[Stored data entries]
>>>>>

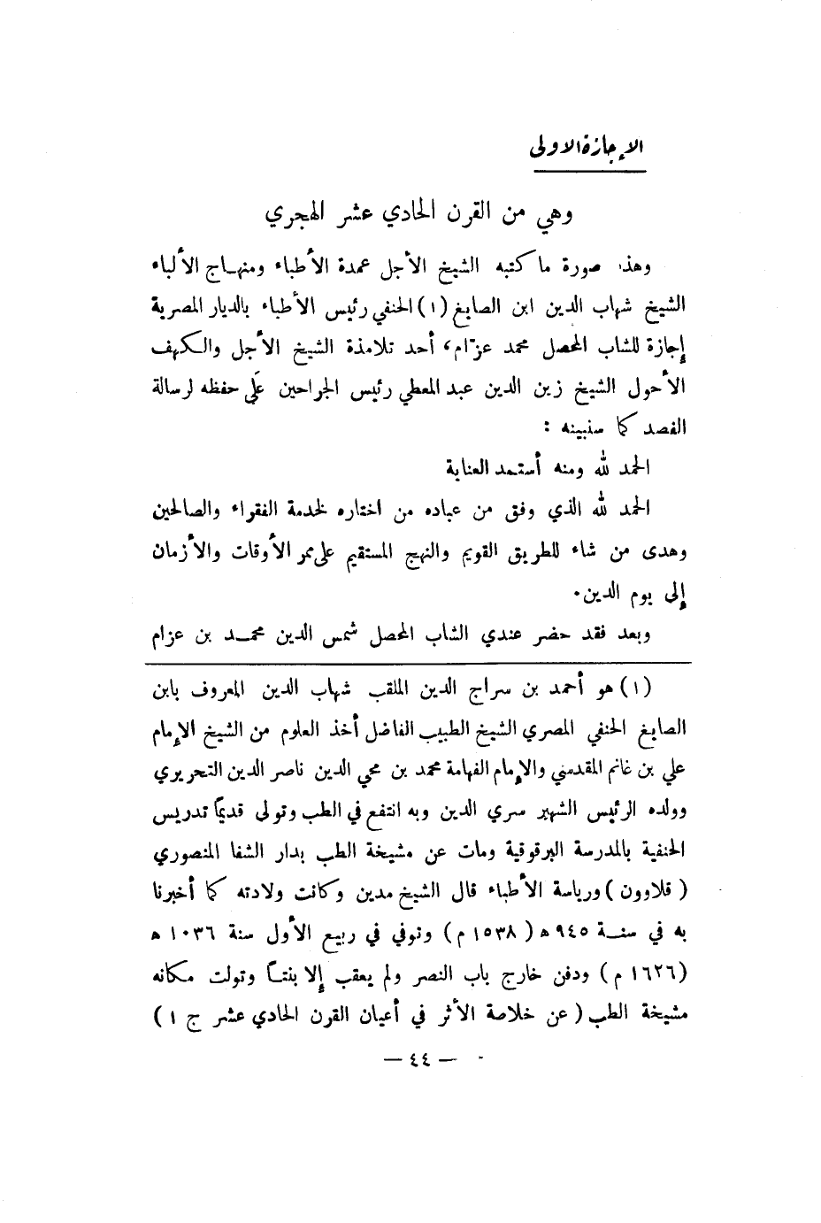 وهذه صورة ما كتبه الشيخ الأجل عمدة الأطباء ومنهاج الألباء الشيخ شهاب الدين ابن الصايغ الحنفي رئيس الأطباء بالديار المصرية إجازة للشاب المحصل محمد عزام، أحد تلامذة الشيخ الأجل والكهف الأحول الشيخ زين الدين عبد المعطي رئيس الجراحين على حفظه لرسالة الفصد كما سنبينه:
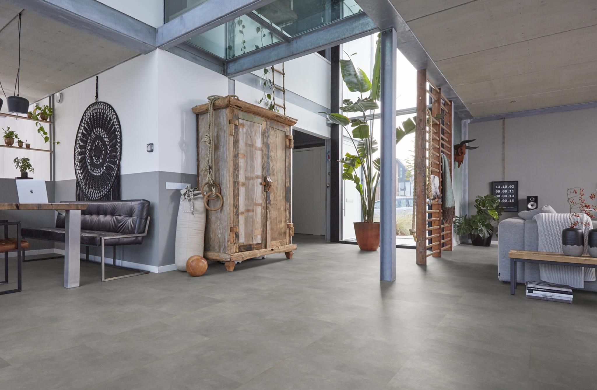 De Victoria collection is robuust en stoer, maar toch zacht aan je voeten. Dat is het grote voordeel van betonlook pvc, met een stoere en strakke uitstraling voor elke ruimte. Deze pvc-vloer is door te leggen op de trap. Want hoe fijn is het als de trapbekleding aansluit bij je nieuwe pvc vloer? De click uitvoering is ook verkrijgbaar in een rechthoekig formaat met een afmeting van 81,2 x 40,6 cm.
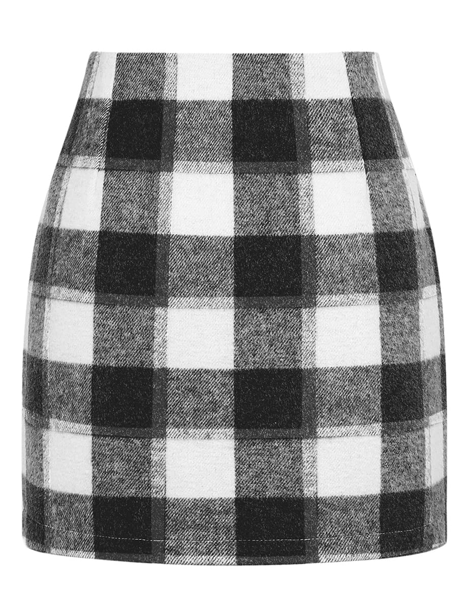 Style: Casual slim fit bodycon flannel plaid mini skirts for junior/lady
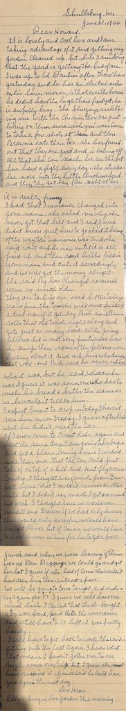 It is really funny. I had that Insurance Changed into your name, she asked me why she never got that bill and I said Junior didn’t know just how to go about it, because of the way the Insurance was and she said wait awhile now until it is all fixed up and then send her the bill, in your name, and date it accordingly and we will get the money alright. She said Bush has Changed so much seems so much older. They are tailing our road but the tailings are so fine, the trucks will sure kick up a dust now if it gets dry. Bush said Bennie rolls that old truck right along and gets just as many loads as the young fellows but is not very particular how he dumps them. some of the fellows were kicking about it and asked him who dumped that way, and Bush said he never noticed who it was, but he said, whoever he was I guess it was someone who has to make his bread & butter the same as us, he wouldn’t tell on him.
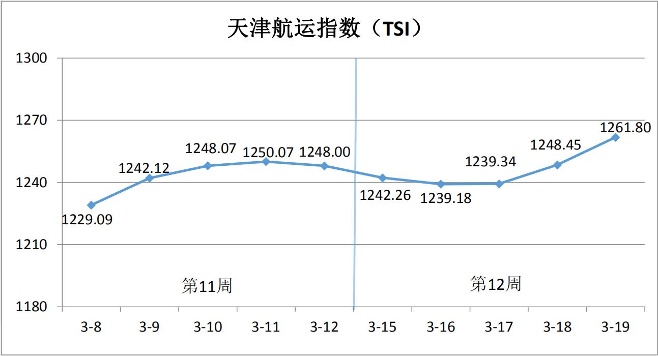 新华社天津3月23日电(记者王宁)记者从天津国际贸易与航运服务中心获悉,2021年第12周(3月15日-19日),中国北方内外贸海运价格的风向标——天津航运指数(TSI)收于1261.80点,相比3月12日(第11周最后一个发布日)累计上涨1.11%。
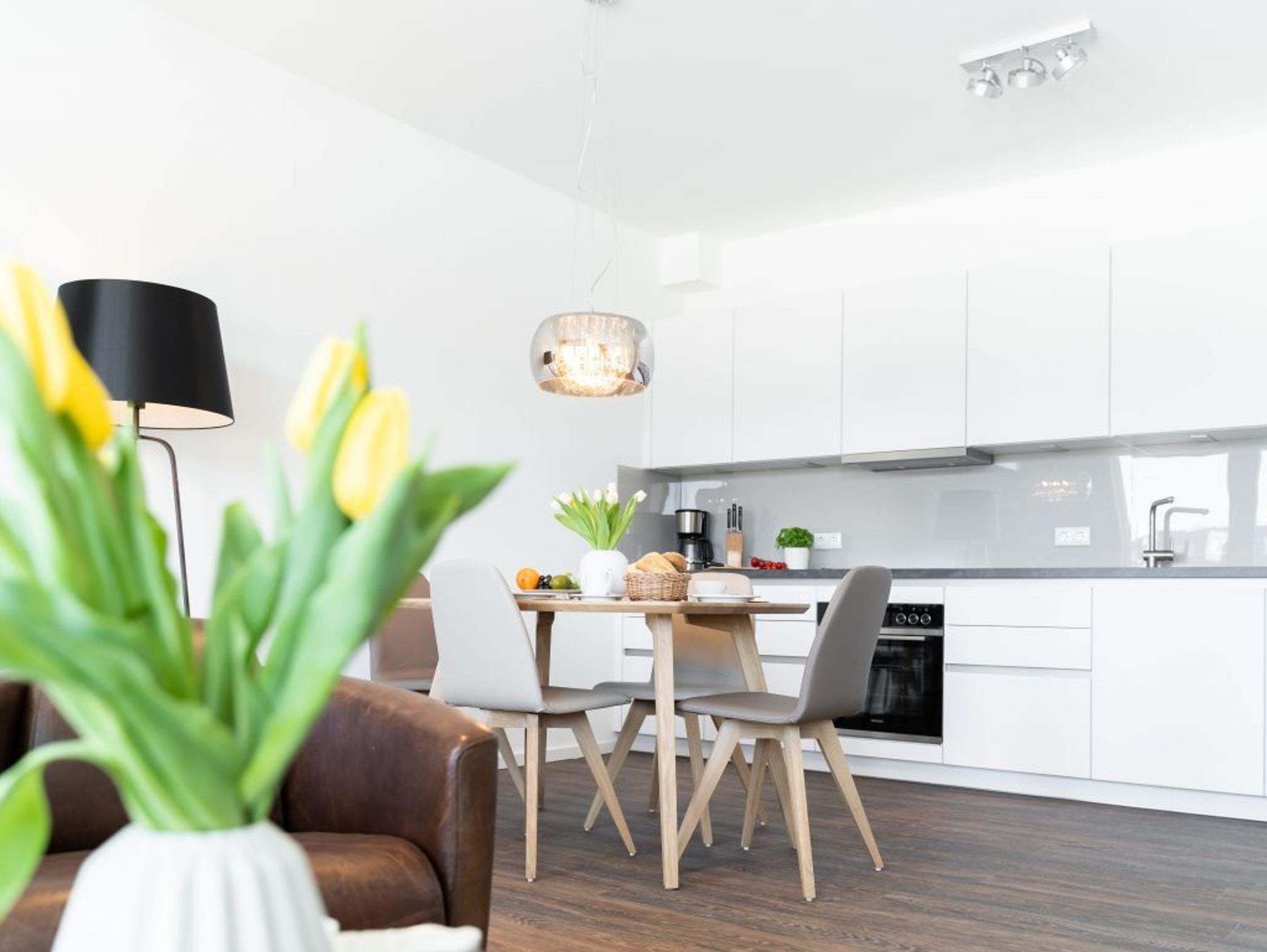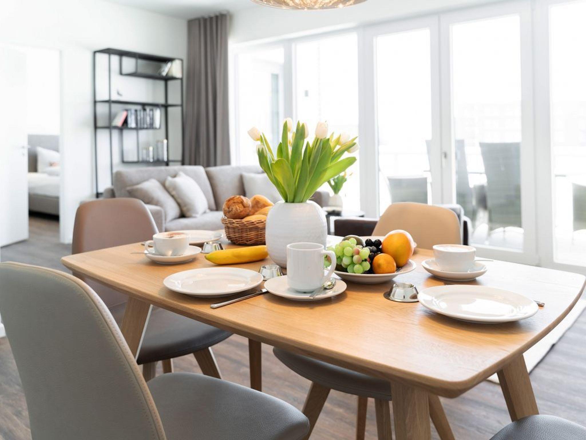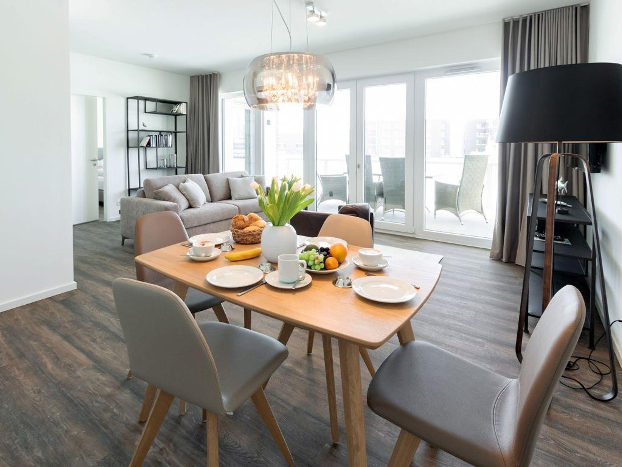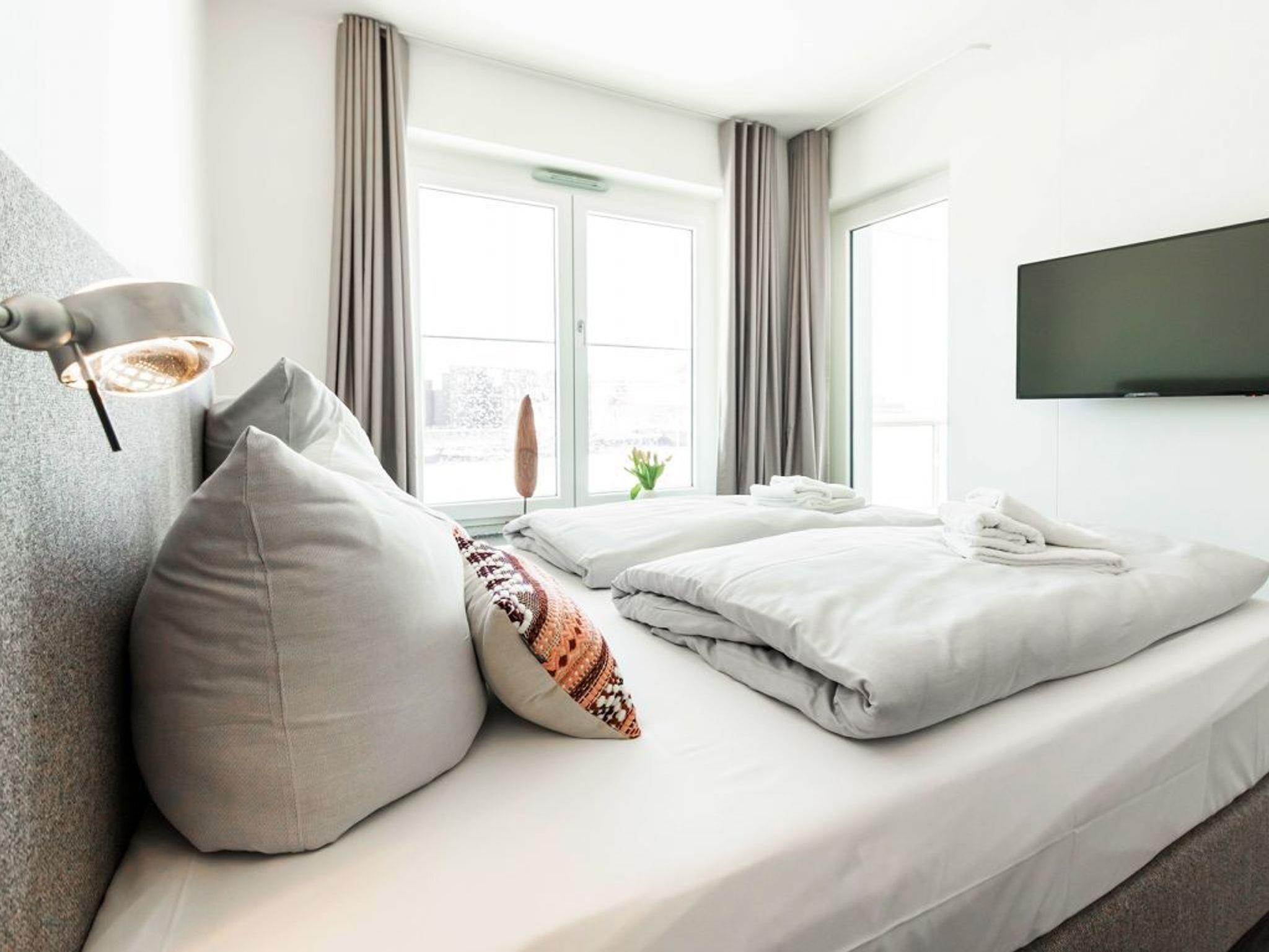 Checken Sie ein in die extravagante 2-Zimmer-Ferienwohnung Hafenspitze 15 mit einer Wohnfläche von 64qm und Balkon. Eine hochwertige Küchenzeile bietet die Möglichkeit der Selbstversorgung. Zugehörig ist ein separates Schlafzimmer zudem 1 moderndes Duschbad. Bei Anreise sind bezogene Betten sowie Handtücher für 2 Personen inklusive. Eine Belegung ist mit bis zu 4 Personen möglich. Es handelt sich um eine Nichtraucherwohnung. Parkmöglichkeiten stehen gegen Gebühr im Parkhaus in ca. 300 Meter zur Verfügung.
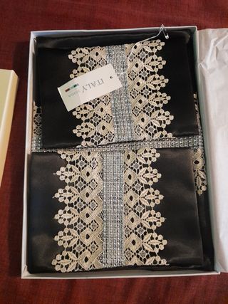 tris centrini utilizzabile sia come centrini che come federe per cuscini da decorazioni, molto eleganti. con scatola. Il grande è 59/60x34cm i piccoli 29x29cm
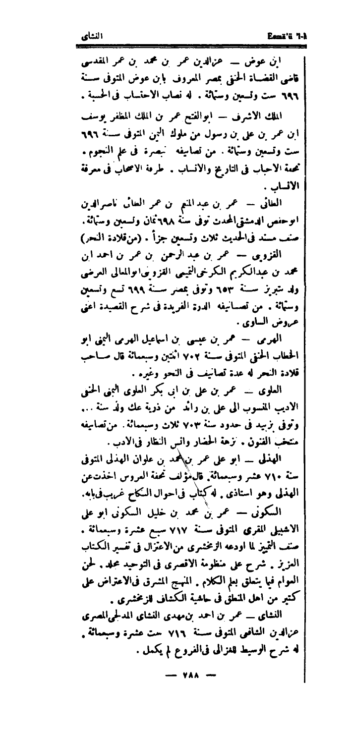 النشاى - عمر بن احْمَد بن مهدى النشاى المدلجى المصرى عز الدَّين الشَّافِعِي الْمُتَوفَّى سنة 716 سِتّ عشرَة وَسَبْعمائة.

<<<<<

Work item:
Give back, word for word, the lines from the one with "Checken Sie ein" to the end of the records above, and no pictures.

Output of the exercise:
 Checken Sie ein in die extravagante 2-Zimmer-Ferienwohnung Hafenspitze 15 mit einer Wohnfläche von 64qm und Balkon. Eine hochwertige Küchenzeile bietet die Möglichkeit der Selbstversorgung. Zugehörig ist ein separates Schlafzimmer zudem 1 moderndes Duschbad. Bei Anreise sind bezogene Betten sowie Handtücher für 2 Personen inklusive. Eine Belegung ist mit bis zu 4 Personen möglich. Es handelt sich um eine Nichtraucherwohnung. Parkmöglichkeiten stehen gegen Gebühr im Parkhaus in ca. 300 Meter zur Verfügung.
 tris centrini utilizzabile sia come centrini che come federe per cuscini da decorazioni, molto eleganti. con scatola. Il grande è 59/60x34cm i piccoli 29x29cm
 النشاى - عمر بن احْمَد بن مهدى النشاى المدلجى المصرى عز الدَّين الشَّافِعِي الْمُتَوفَّى سنة 716 سِتّ عشرَة وَسَبْعمائة.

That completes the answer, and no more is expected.